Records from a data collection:
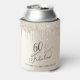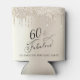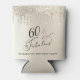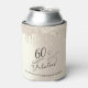 Elegant and chic personalized 60th birthday party can coolers featuring "60 & Fabulous" in a stylish script on a gold background with gold faux glitter dripping from the top. Personalize with her name.
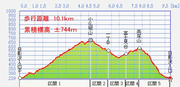 日影沢→小仏城山→一丁平→富士見台→→高尾山→日影沢
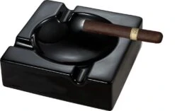 Gather your smoking buddies around the Donovan for a relaxing and fully enjoyable smoking experience. Its deep basin will easily catch all of the ash from your cigars as well as other debris. Four grooves, one on each edge, serve as cigar rests for you and your buddies. The ceramic body has a beautiful, glossy black finish that shines. Its sleek, dark look makes the Donovan perfect for patio use on a nice day so go ahead and make your smoking experience all the more pleasurable and order today! Approx. Dimensions: 8.25″ (Height) x 8.25″ (Width) x 2.75″ (Thickness) Approx. Weight: 2 lbs. and 3.34 oz. Black Ceramic Four Cigar Rests Engraving is not offered on this item.
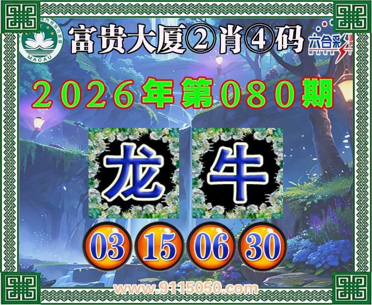 080期:【富贵大厦】 👛②肖④码👛【牛】【03.15.06.30】开:龙03
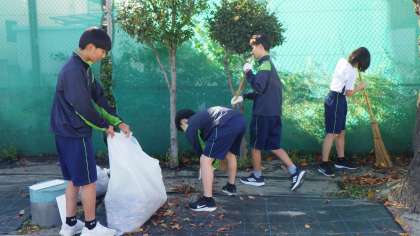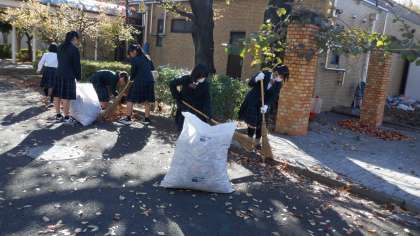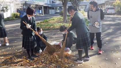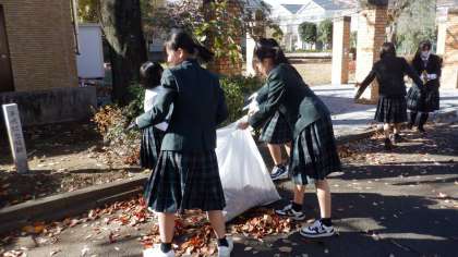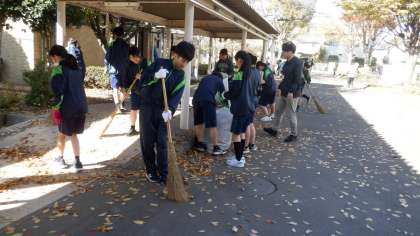 前庭は赤色、黄色、様々な色の落ち葉で埋め尽くされていました。1年生のクリーン運動はとてもやりがいがありました。皆で協力して、落ち葉を袋にどんどん詰め込みました。落ち葉の袋がすぐに山になり、前庭はとても綺麗になりました。
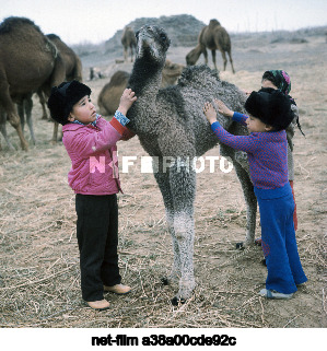 Апрель 1977 г. СССР. Туркменская ССР. Дети колхозников, играющие с верблюжонком на пастбище в пустыне Каракумы. Точная дата и место съемки не установлены. Виктор Великжанин, Сапаргельды Розыев/ТАСС
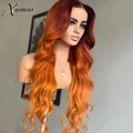 XUMOO Ginger Orange Swiss Lace Wigs Ombre Rainbow Colorful Body Wave Brazilian Virgin Human Hair Lace Front Wigs For Cosplay Wig
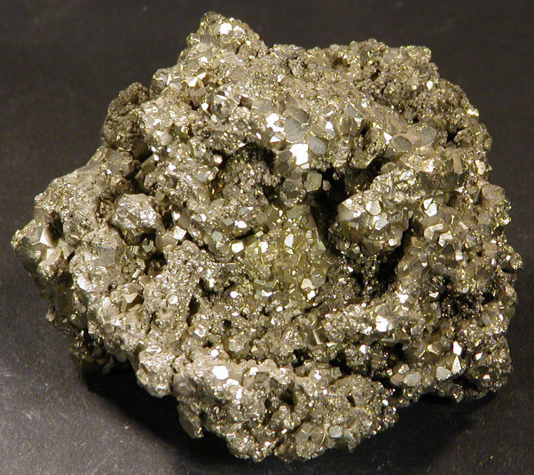 A glittering, intricate mass of shiny Pyritohedrons and cubes
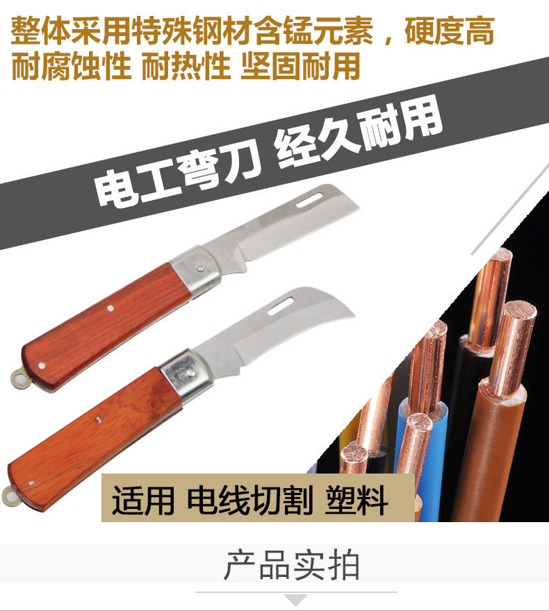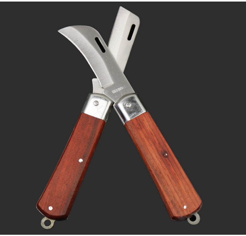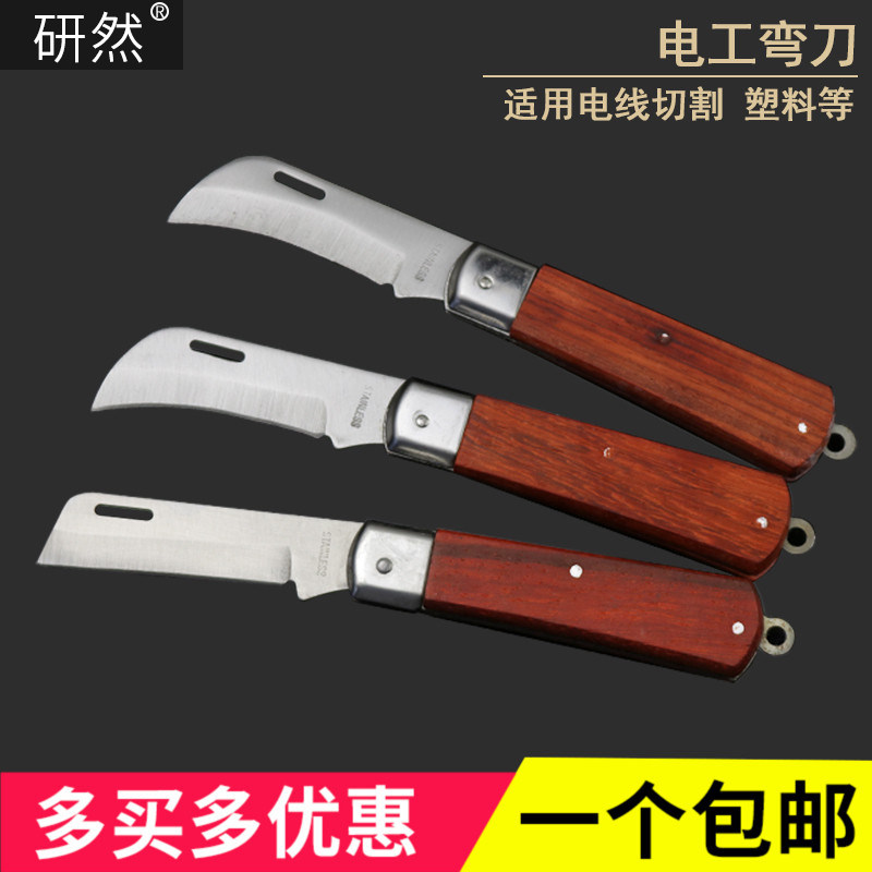 研然 Электрик -нож деревянный ручка с прямой линией мочевой пилинг складной складной кабель Многофункциональный провод с ножом

**Work item**
Repeat word for word the lines beginning at the one with "前庭は赤色、黄色、様々な色の" and ending at the final line of the records above, both included, and no others. Leave the pictures out.

**Task output**
 前庭は赤色、黄色、様々な色の落ち葉で埋め尽くされていました。1年生のクリーン運動はとてもやりがいがありました。皆で協力して、落ち葉を袋にどんどん詰め込みました。落ち葉の袋がすぐに山になり、前庭はとても綺麗になりました。
 Апрель 1977 г. СССР. Туркменская ССР. Дети колхозников, играющие с верблюжонком на пастбище в пустыне Каракумы. Точная дата и место съемки не установлены. Виктор Великжанин, Сапаргельды Розыев/ТАСС
 XUMOO Ginger Orange Swiss Lace Wigs Ombre Rainbow Colorful Body Wave Brazilian Virgin Human Hair Lace Front Wigs For Cosplay Wig
 A glittering, intricate mass of shiny Pyritohedrons and cubes
 研然 Электрик -нож деревянный ручка с прямой линией мочевой пилинг складной складной кабель Многофункциональный провод с ножом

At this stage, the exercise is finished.